What you are asked to do
Take nothing but the lines from the one with "健康驿站中,住户写给工作人员的感谢小纸条" through the one with "Fit for a lingerie" in the entries below, both ends kept, and return them exactly with pictures left out.

Task material
****************

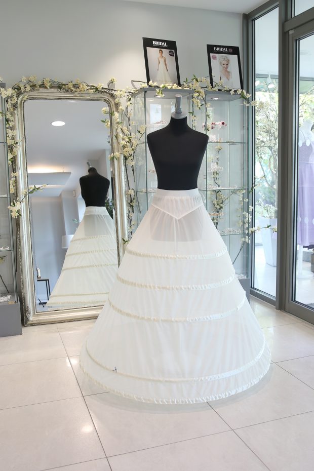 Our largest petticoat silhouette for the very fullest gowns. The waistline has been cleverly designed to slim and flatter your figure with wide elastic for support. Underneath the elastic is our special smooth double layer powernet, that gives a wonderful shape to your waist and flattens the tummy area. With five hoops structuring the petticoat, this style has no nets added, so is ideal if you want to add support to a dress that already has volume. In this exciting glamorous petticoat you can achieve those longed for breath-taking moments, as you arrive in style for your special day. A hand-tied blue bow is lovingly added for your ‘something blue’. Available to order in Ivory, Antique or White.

****************

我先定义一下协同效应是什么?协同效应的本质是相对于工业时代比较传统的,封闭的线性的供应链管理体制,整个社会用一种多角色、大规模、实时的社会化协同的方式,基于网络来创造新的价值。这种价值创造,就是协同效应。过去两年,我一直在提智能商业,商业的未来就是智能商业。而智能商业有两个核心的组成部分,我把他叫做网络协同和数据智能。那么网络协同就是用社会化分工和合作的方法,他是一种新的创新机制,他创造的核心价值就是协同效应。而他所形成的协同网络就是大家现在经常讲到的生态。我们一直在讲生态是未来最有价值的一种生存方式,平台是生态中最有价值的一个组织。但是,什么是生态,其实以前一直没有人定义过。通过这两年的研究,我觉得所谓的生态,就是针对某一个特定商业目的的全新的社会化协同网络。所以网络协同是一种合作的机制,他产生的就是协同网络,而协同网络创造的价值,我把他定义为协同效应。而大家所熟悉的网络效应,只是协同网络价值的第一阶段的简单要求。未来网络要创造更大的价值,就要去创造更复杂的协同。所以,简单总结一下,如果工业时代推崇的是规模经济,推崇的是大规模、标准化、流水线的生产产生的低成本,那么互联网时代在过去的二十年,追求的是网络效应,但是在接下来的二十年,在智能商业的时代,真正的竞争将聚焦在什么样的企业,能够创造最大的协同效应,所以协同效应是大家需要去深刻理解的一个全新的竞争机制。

****************

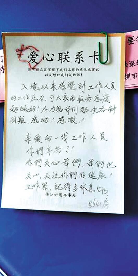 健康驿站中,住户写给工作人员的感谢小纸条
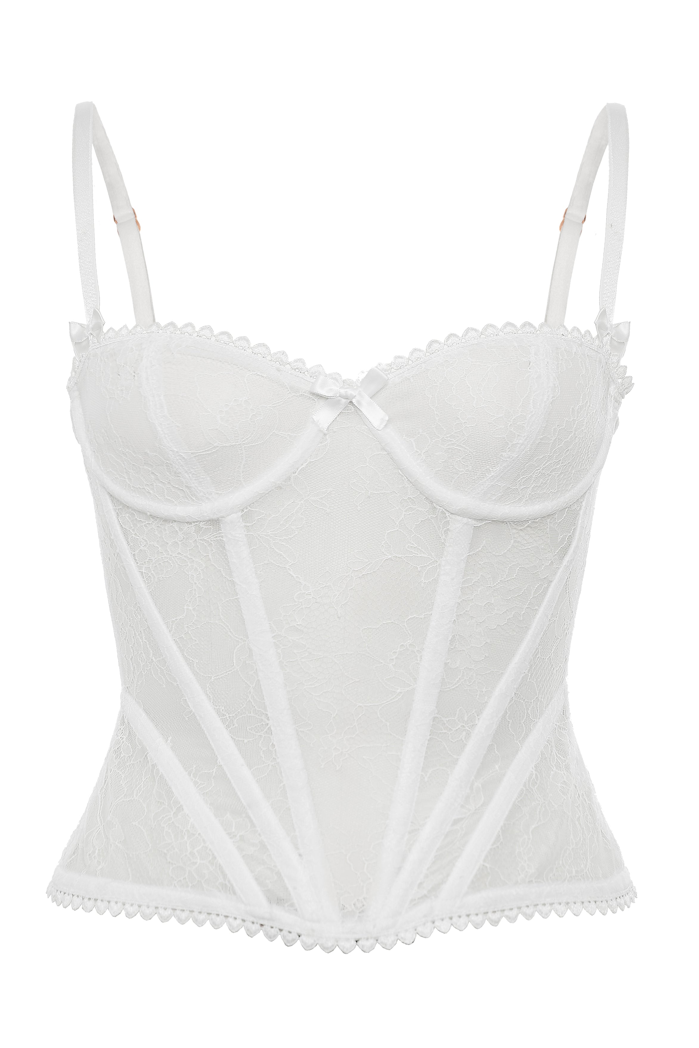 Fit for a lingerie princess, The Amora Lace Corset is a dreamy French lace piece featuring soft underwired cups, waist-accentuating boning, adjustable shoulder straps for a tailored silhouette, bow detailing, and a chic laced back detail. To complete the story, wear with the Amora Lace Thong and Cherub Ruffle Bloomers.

****************

Your solution
 健康驿站中,住户写给工作人员的感谢小纸条
 Fit for a lingerie princess, The Amora Lace Corset is a dreamy French lace piece featuring soft underwired cups, waist-accentuating boning, adjustable shoulder straps for a tailored silhouette, bow detailing, and a chic laced back detail. To complete the story, wear with the Amora Lace Thong and Cherub Ruffle Bloomers.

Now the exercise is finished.